El atentado mortal contra Luis Lindstron, cobardemente emboscado por los buenazos del EPP, luego de haber sido secuestrado un buen tiempo atrás, repartiera víveres entre pobladores pobres de diversas zonas de la región, y pagado una importante suma en dólares por su liberación. Lindstron, nada más al regresar de su cautiverio, se puso a trabajar, instando a sus empleados a hacer lo mismo para recuperar el tiempo perdido. Igual lo mataron los hijos de su madre. El resto de la emprendedora familia Lindstron dejó el lugar, perdiéndose así muchos puestos de trabajo en ese lugar.
La indignación reflejada en la prensa no tuvo el tamaño ni la resonancia de la que tuvieron los asesinatos que tuvieron por víctimas a periodistas, incluida la falsa alarma creada por el famoso (en su momento) Pirulito. Está bien, es lamentable que lo hayan matado a Pablo Medina y a su ayudante, la jovencita Antonia Maribel Almada (una tercera persona, también una jovencita, se salvó de milagro escudándose detrás del asiento del copiloto), y los autores deberían ser castigados con las penas más severas posibles, de esas que no tenemos en nuestro gelatinoso Código Penal.
Sabiendo que voy a suscitar reclamos, plagueos y puteadas de los mayores calibres, siento postura aquí de que no estoy de acuerdo con que la Prensa tome como calamidad de porte mundial los crímenes que afecten a sus miembros, y mande a las páginas del fondo los asesinatos bastante frecuentes de taxistas, despenseros, estudiantes, hinchas de fútbol, amas de casa y tantísimos ejemplos más.
¿Qué nos creemos? ¿Enviados de Dios? Cuando un periodista, generalmente radial, se instala en un medio dominado por la delincuencia, sea esta de la mafia internacional o no, debe saber con toda claridad que si se pone a denunciar públicamente que en ese sitio se trafica hasta con mandioca, y que los responsables son fulano, mengano y zutano, más temprano que tarde va a ser borrado de la faz de la Tierra. Y si así no ocurriera, significaría que el hombre estaba mintiendo acerca del bandidaje imperante.

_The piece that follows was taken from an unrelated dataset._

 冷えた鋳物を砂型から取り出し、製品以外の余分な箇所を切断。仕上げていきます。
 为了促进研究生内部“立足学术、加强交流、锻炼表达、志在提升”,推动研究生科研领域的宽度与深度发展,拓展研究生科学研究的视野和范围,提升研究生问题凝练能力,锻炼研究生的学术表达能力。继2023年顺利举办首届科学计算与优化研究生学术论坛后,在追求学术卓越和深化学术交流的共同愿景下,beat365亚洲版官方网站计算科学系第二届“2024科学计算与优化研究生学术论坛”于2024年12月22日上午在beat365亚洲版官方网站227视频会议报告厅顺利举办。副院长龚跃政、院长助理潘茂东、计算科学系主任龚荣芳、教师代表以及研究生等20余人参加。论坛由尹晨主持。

En 25 años de libertad posdictadura hubo 14 periodistas asesinados. Cada una de esas muertes es lamentable. Pero también son lamentables los asesinatos de cambistas, taxistas, almaceneros y vaya uno a saber cuánta gente más, muertas sin previo aviso ni amenaza, y olvidados por la memoria pública cuya primera campanillera es la prensa. Puesto así, cualquiera diría que la vida de un periodista vale más, mucho más, que la de otra persona que no lo es.

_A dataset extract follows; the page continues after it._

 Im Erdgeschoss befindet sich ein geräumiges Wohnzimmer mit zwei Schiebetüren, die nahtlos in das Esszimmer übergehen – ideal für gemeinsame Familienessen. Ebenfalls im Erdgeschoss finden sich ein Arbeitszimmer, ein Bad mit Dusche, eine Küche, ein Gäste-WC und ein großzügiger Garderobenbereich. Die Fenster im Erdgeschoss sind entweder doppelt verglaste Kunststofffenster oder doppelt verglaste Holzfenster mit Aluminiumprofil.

Hace unos días, un grupo de representantes del Sindicato de Periodistas fue al Ministerio del Interior a exigir que se le asigne guardia personal a cada corresponsal en el interior, hacia el Norte, de cada medio central. El pedido es de cumplimiento imposible. Y si fuera posible, de efecto nulo.
Uno o dos guardias no van a detener a gente que asalta cuarteles militares y policiales para llevarse armas.